In order to compute the gradient for $W^{[2]}$, we have to use chain rule from calculus, which will give us as:
\[\frac{\partial \mathcal{L}}{\partial W^{[2]}} = \frac{\partial \mathcal{L}}{\partial a^{[3]}}\frac{\partial a^{[3]}}{\partial z^{[3]}}\frac{\partial z^{[3]}}{\partial a^{[2]}}\frac{\partial a^{[2]}}{\partial z^{[2]}}\frac{\partial z^{[2]}}{\partial W^{[2]}}\]Note that each fraction shows the dependence between numerator and denominator.
Now, we can plug in each one:
\[\frac{\partial \mathcal{L}}{\partial W^{[2]}} = \underbrace{\frac{\partial \mathcal{L}}{\partial a^{[3]}}\frac{\partial a^{[3]}}{\partial z^{[3]}}}_{a^{[3]} - y}\underbrace{\frac{\partial z^{[3]}}{\partial a^{[2]}}}_{W^{[3]}}\underbrace{\frac{\partial a^{[2]}}{\partial z^{[2]}}}_{g^{\prime}(z^{[2]})}\underbrace{\frac{\partial z^{[2]}}{\partial W^{[2]}}}_{a^{[1]}}\]Traditionally, we need to use generalized Jacobian matrix for this calculation. If you are not familiar with this, you can check my post on math. However, we won’t do this here since generalized Jacobian matrix calculation will require a lot of memory. We have to work around it.
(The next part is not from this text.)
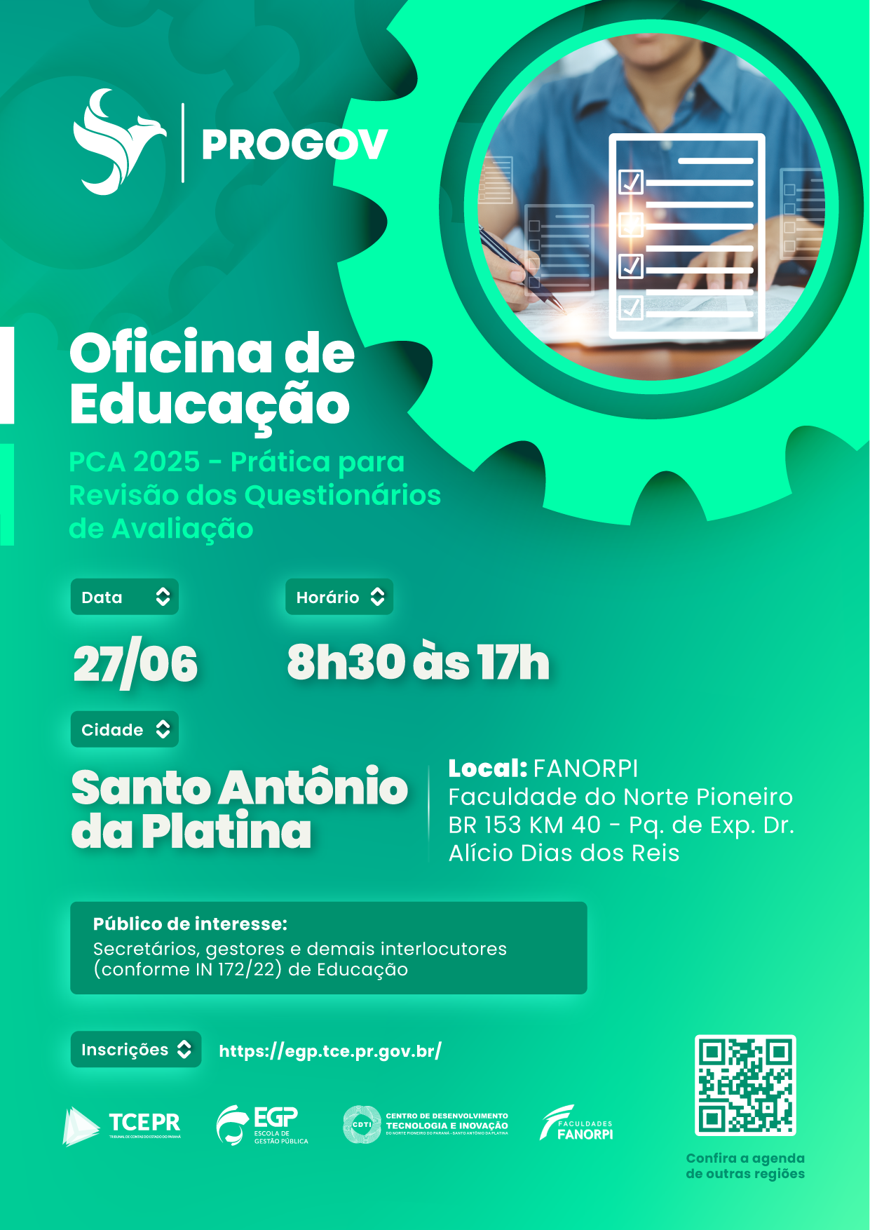 Atividade prática com os questionários de avaliação - PCA 2025. Inscreva-se EM APENAS UMA oficina da sua região.

I do suggest to take a look at this post and this post for detailed explanation. Here, I just keep it simple to get:
\[\frac{\partial \mathcal{L}}{\partial W^{[2]}} = \underbrace{(a^{[3]}- y)}_{1\times 1}\underbrace{W^{[3]^T}}_{2\times 1}\odot\underbrace{g^{\prime}(z^{[2]})}_{2\times 1}\underbrace{a^{[1]}}_{1\times 3}\]where $\odot$ denotes element-wise product. What happens here, in short, is that the first term is scalar but $W^{[3]^T}\odot g^{\prime}(z^{[2]})$ this part is originally a generalized Jacobian matrix multiplication. However, since the activition function is per element, the generalized Jacobian matrix for $\frac{\partial a^{[2]}}{\partial z^{[2]}}$ is a 2 by 2 diagnoal matrix. And $\frac{\partial z^{[3]}}{\partial a^{[2]}}$ is actually a 1 by 2 vector. The matrix multiplication of the two can be calculated in another way which is element-wise product. Looking back to the architecture of the nerual network, we can see that the gradient of $W^{[3]}$ is back-propegated seperately to layer 2. So intuitively, the gradient should only affect them individually. That’s why we use element-wise product and the dimensions seems “wrong”.
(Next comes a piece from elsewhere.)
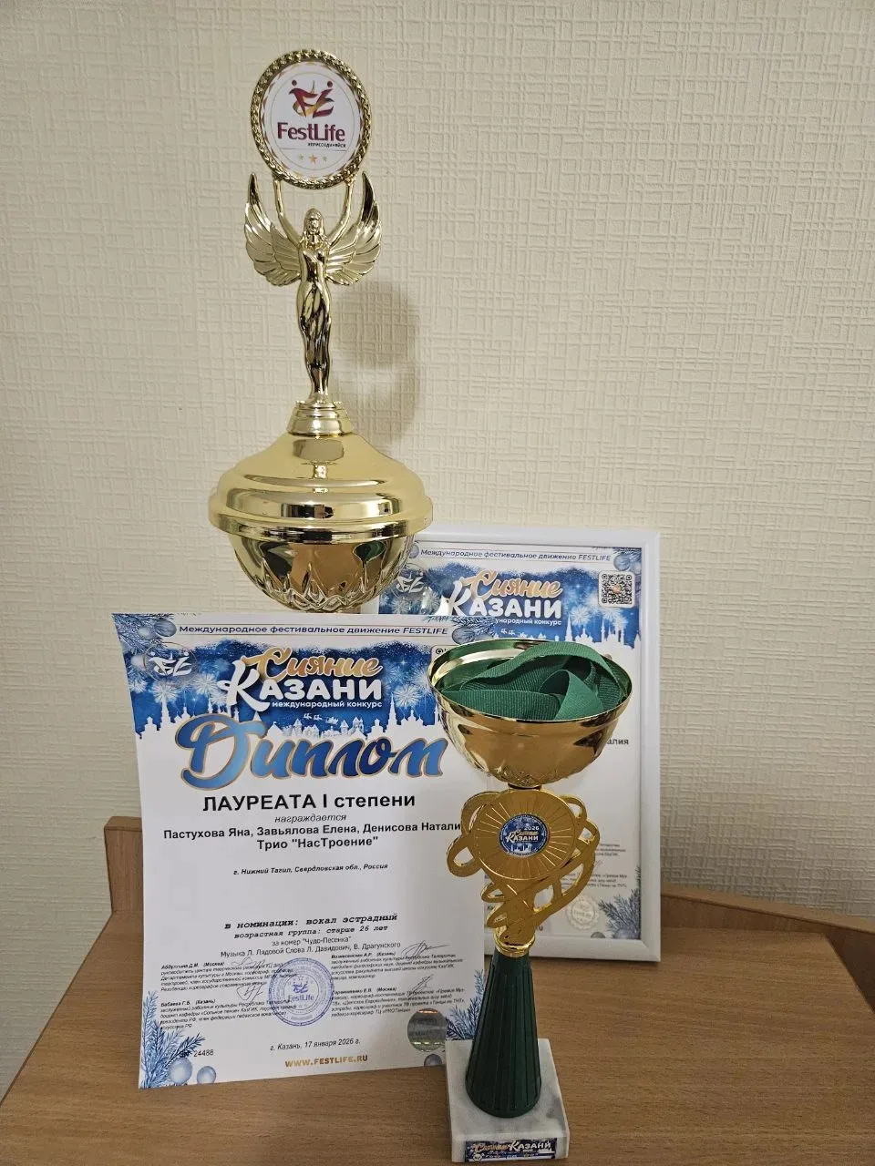🏆Результатом их упорного труда и артистизма стала очередная победа – звание лауреатов I степени! Более того, впервые трио "НасТроение" было удостоено специального приза жюри – Большого Кубка "Сияние Казани"!

For the last term, the reason that it is not a generalized Jacobian is that we can work around it by just getting the matrix as a result. More details can be found the linked posts above.
Now, we can use the gradient descent for updating:
\[W^{[\ell]} = W^{[\ell]} - \alpha\frac{J}{W^{[\ell]}}\]where J is the cost function defined as $J=\frac{1}{m}\sum\limits_{i=1}^m\mathcal{L}^i$.
Another popular optimization algorithm is called momentum. The update rule is:
\[\begin{cases} v_{dW^{[\ell]}} = \beta dW^{[\ell]} + (1-\beta)\frac{\partial J}{dW^{[\ell]}} \\ W^{[\ell]} = W^{[\ell]} - \alpha v_{dW^{[\ell]}}\\ \end{cases}\]This rule happens in two stages. The first one is to get the speed and the second is to use the speed to update it. This algorithm basically keeps track of all the past gradient and will help escape from saddle point.
3.3 Analyzing the Parameters
We have done all the components in the training process. If we have trained model which performs 94% on training dataset but only 60% in testing dataset, then there is an overfitting. The possible solutions are: collecting more data, employing regularization or making the model simpler/shallower. In this section, I am going to talk about regularization.
L2 Regularization
Let W donote all the parameters in the model. The L2 regularization adds another term to the cost function, which is called reluarizer:
\[\begin{align} J_{new} &= J_{old} + \frac{\lambda}{2}\lvert\lvert W \rvert\rvert^2 \\ &=J_{old} + \frac{\lambda}{2}\sum\limits_{i,j}\lvert W_{ij}\rvert^2\\ &=J_{old} + \frac{\lambda}{2}W^TW \end{align}\]where $\lambda$ is an arbitrary value. If it is large, it means a parge penalty and large regularization. Then, the update rule has also changed to:
\[\begin{align} W &= W - \alpha\frac{\partial J}{\partial W} - \alpha\frac{\lambda}{2}\frac{\partial W^TW}{\partial W}\\ &= (1-\alpha\lambda)W - \alpha\frac{\partial J}{\partial W} \end{align}\]This means that in updating, some penalties might be included in order to optimize the new J overall. Note that this penalty encourages parameters to be small in L2 magnitude. This is becuase larger magnitude of parameters results in larger varaince.
Parameter Sharing
Recall that logistic regression train each parameter for each pixel. However, for ball detection task, if the ball always appears in the center pixels in the training dataset, this might be a problem if a ball appears in a cornor in testing phase. This is because the wieghts on the cornor have never been trained with a ball in there so that the weights do not have that concepts in them.
To solve this, we have a new type of network structure called comvolutional neural networks. Instead of a vector of parameters, we use a matrix of vector, say size of 4 by 4. We take this matrix and slide it over the image. This can be shown below.
This matrix of parameters will take inner product with corresponding pixels in the image, which is a scalar. Then we slide matrix to the right and the bottom, which can be shown as:
Note that each matrix share the same weighs across the entire image.